Read the whole thing.
At this point, I think we have to presume that Trump will get the GOP nomination. How in the hell are the Republicans going to have a convention when the entire party’s institutional apparatus hates his guts?
If he is the nominee, I am by no means confident that Hillary Clinton will beat him. What happens if Trump becomes president, and can’t fulfill his far-reaching promises? What do those who voted for him do? What happens to our politics? It will be fascinating, and more than a little unnerving, to observe how a President Trump, feared and loathed by so many, including in his own party, would govern.
It is impossible to escape the conclusion that we are headed into a period of great instability in American politics, no matter how this primary season and the fall election turn out. If Hillary beats Trump this fall, the mood in the country will be so foul that she will have trouble governing too, I think. And what kind of opposition will the Congressional Republicans, shell-shocked by such a resounding repudiation by a majority of their own voters, be able to muster?
Strange days indeed. Also, please read Andrew Bacevich’s take on Trumpism, published on TAC today. TAC readers will know that Bacevich is no GOP shill, and has been a principled critic of US war policy from a realist point of view. Excerpt:
If Trump secures the Republican nomination, now an increasingly imaginable prospect, the party is likely to implode. Whatever rump organization survives will have forfeited any remaining claim to represent principled conservatism.
None of this will matter to Trump, however. He is no conservative and Trumpism requires no party. Even if some new institutional alternative to conventional liberalism eventually emerges, the two-party system that has long defined the landscape of American politics will be gone for good.

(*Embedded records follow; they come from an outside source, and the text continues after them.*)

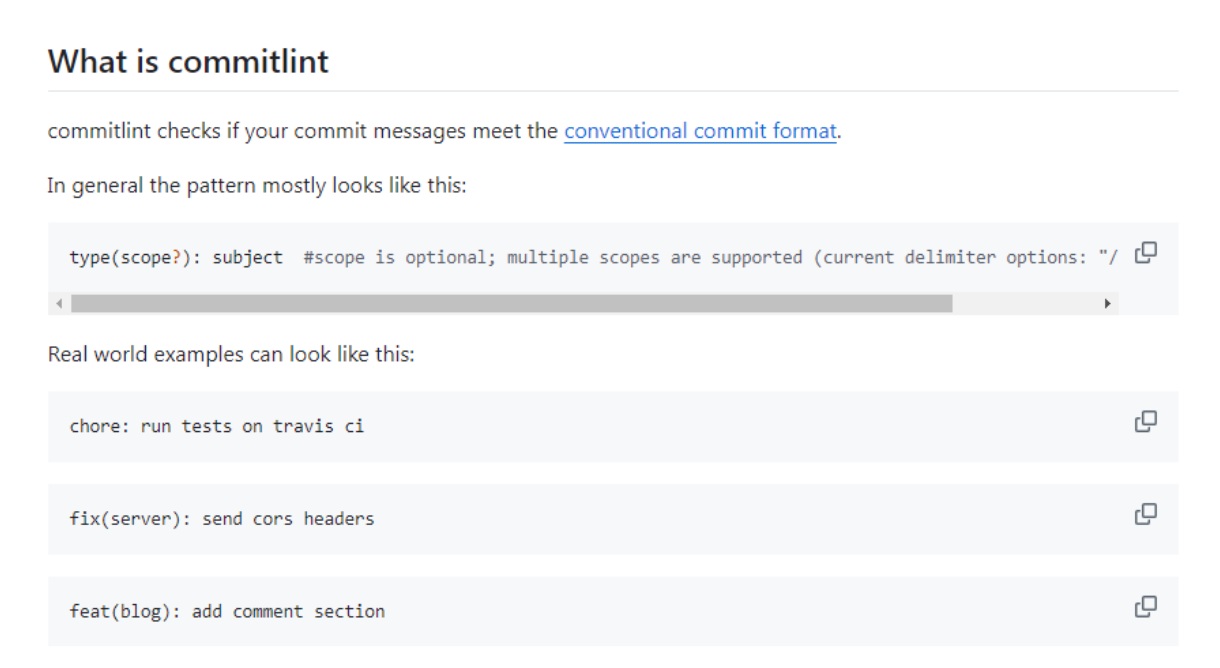 npm install --save-dev @commitlint/{cli,config-conventional}1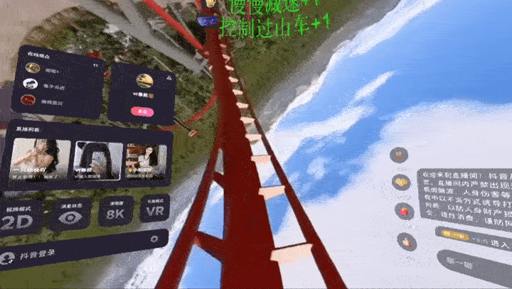 直播这几年火到不行,这种人与人可以交互的娱乐方式很符合人的需要,尝试了下PICO的直播功能,内容比较丰富,比如下面的过山车,因为视觉上带来的冲击,感觉整个人也跟着倾倒了,可想而知沉浸感是有多强。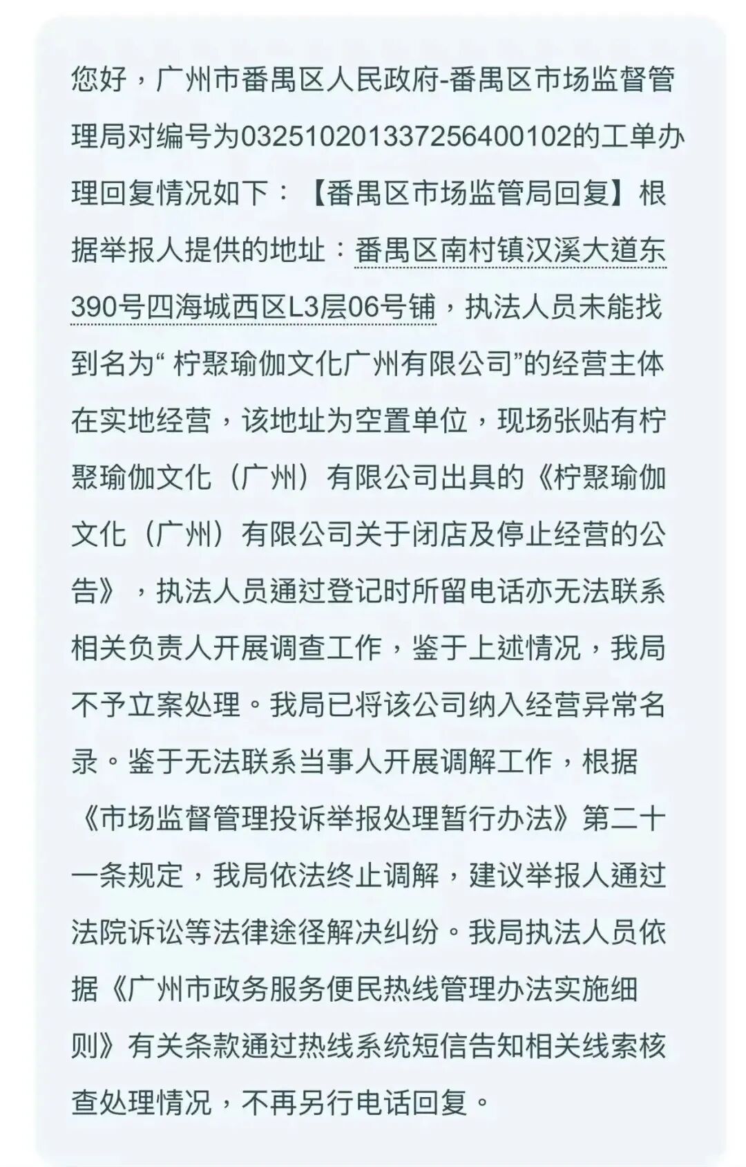 馬女士稱,不少學員也已撥打12345熱線求助,不過收到的相關回應同樣是“不予立案”。根據馬女士提供的截圖,番禺區市場監管局就此事回覆稱:根據舉報人提供的地址,執法人員未能找到名為“檸聚瑜伽文化廣州有限公司”的經營主體在實地經營,該地為空置單位……執法人員通過登記時所留電話亦無法聯繫相關負責人開展調查工作,鑑於上述情況,我局不予立案處理。我局已將該公司納入經營異常名錄……建議舉報人通過法院訴訟等法律途徑解決糾紛。

Should Trump or a Trump mini-me ultimately succeed in capturing the presidency, a possibility that can no longer be dismissed out of hand, the effects will be even more profound. In all but name, the United States will cease to be a constitutional republic. Once President Trump inevitably declares that he alone expresses the popular will, Americans will find that they have traded the rule of law for a version of caudillismo. Trump’s Washington could come to resemble Buenos Aires in the days of Juan Perón, with Melania a suitably glamorous stand-in for Evita, and plebiscites suitably glamorous stand-ins for elections.
That a considerable number of Americans appear to welcome this prospect may seem inexplicable. Yet reason enough exists for their disenchantment. American democracy has been decaying for decades. The people know that they are no longer truly sovereign. They know that the apparatus of power, both public and private, does not promote the common good, itself a concept that has become obsolete. They have had their fill of irresponsibility, lack of accountability, incompetence, and the bad times that increasingly seem to go with them.
Trump is Nemesis to the Establishment’s hubris. Democrats who chortle at the (deserved) misfortune of the Republican Party are whistling past the graveyard.